#  >  > Living And Legal Affairs In Thailand >  >  > Living In Thailand Forum >  >  Home made air guns...

## Chong Boy

As promised to Jandajoy in another thread here is a few pictures of one of the converted MUSKETS.

If you live in Bangkok or one of the big cities you will not have seen one of these. But you must remember the old movies where they pour powder, wadding and shot and wadding again into old (circa 1800+ no idea if dates are right!) muskets.

Michael Cane and the movie ZULU comes to mind!!!

anyway here's some pics of his high tech silent conversion...

----------


## Chong Boy

This is the uncle in law and he loves that he can kill anything!
if it runs, the musket with 12-15 ball bearings will kill it (ie. 12 gauge, thai style!)
and if it sneaks or hops then the converted silenced musket will do!!!...

----------


## Chong Boy

The full musket on the ground...

----------


## Chong Boy

It might be crude but here is a safety, lock and a trigger. A bit like the old JFK rifle (100 years before!) you can't fire unless it's pumped and the safety is off! ingenious, if you ask me. And he did it because the birds kept flying away lol

----------


## Chong Boy

The odd shaped thing on the airbox is a magnet! you can place plenty of ball bearings on a magnet to save pissing about searching in you pockets!

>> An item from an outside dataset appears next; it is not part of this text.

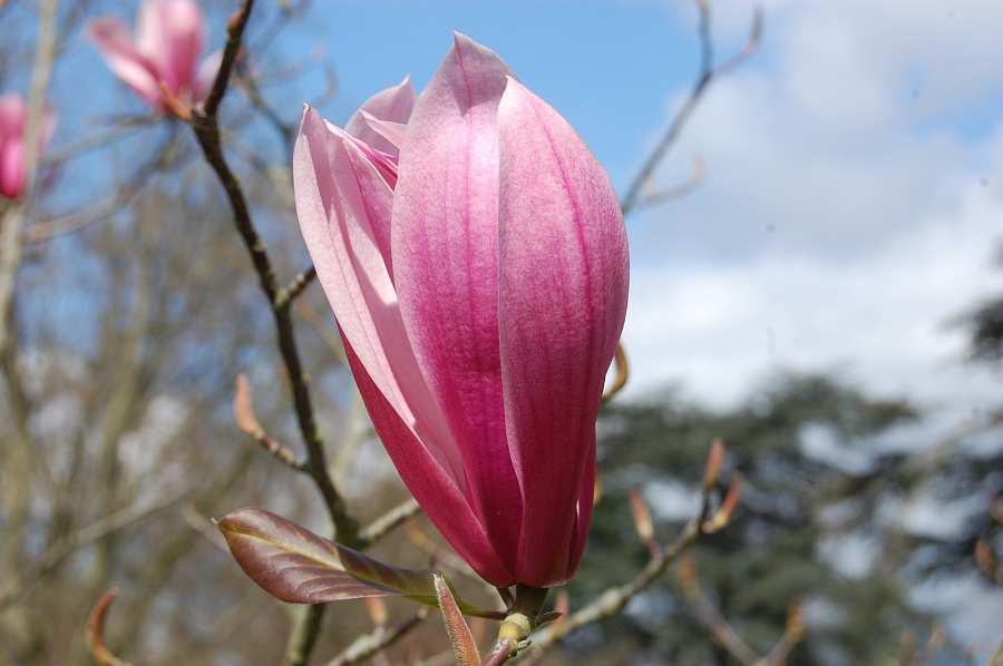 Саженцы Магнолии Спектрум (Spectrum) – растение необычайной красоты. В сезон на раскидистой кроне появляются очень большие цветы. Они источают приятный аромат и радуют глаз своим розовым цветом. Декоративная магнолия имеет коловидную крону, диаметр которой может доходить до трёх метров. Высота варьируется от 5 до 7 метров. Цветы правильной формы по-настоящему большие, 25 сантиметров в диаметре. Оттенок бутонов варьируется от розового до красного. После цветения на ветках образуется плоды, они не съедобные, но выглядят красиво. По форме напоминают шишку. Магнолия украсит сад и привнесёт экзотики.

This guy is no amateur!!!  :Smile:

----------


## jandajoy

Good stuff. Cheers. :Smile:

----------


## MBMBALLS

Hi im a new member i only made an account to ask a question,
I build many pneumatic gun's (Air guns like this one) but i have never seen one like this.
Q's.
-Is the ball bearing's shot out using air.
-Is there a valve used (if so what kind?)
-Do you have a "how to"

Thank you very much.

----------


## dirtydog

Got to be air, thats a bicycle wheel pump fitted underneath.

----------


## superman

> Hi im a new member i only made an account to ask *a* question


You've asked 3. Make your mind up.

----------


## superman

> Is there a valve used (if so what kind?)

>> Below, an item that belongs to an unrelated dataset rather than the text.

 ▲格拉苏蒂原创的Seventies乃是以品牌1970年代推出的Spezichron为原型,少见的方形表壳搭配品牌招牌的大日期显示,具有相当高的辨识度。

 If you make your own, as stated, you will know the pump would have to be connected to a non-return valve. As per a bicycle tyre. The valve is in the picture.

----------


## dirtydog

^Think he means the release valve.

----------


## superman

> If you make your own, as stated, you will know the pump would have to be connected to a non-return valve. As per a bicycle tyre. The valve is in the picture.





> Think he means the release valve.


Once again. If he made his own, he would already know what type of release valve to use.

----------


## dirtydog

I doubt it, most air guns that use a pre charged air cylinder do not use a tyre valve, so he probably wants to know how the strike valve works and what sort it is.

----------


## superman

> I doubt it, most air guns that use a pre charged air cylinder do not use a tyre valve


The one in the photo has.

----------


## dirtydog

I was just pointing out how dumb your arguement was, that is the fill valve, not the strike or release valve.

----------


## dirtydog

You may think your an expert in guns but I personally don't think there is such a beast, there has been no real advancement in guns in the last 99 years.

Tell a lie, the glock, but that is only in the gun.

----------


## superman

> You may think your an expert


Sorry if you took it personally DD. I'm no expert and never professed to being one but basic engineering prevails. And basic engieering is what an airgun is about.

----------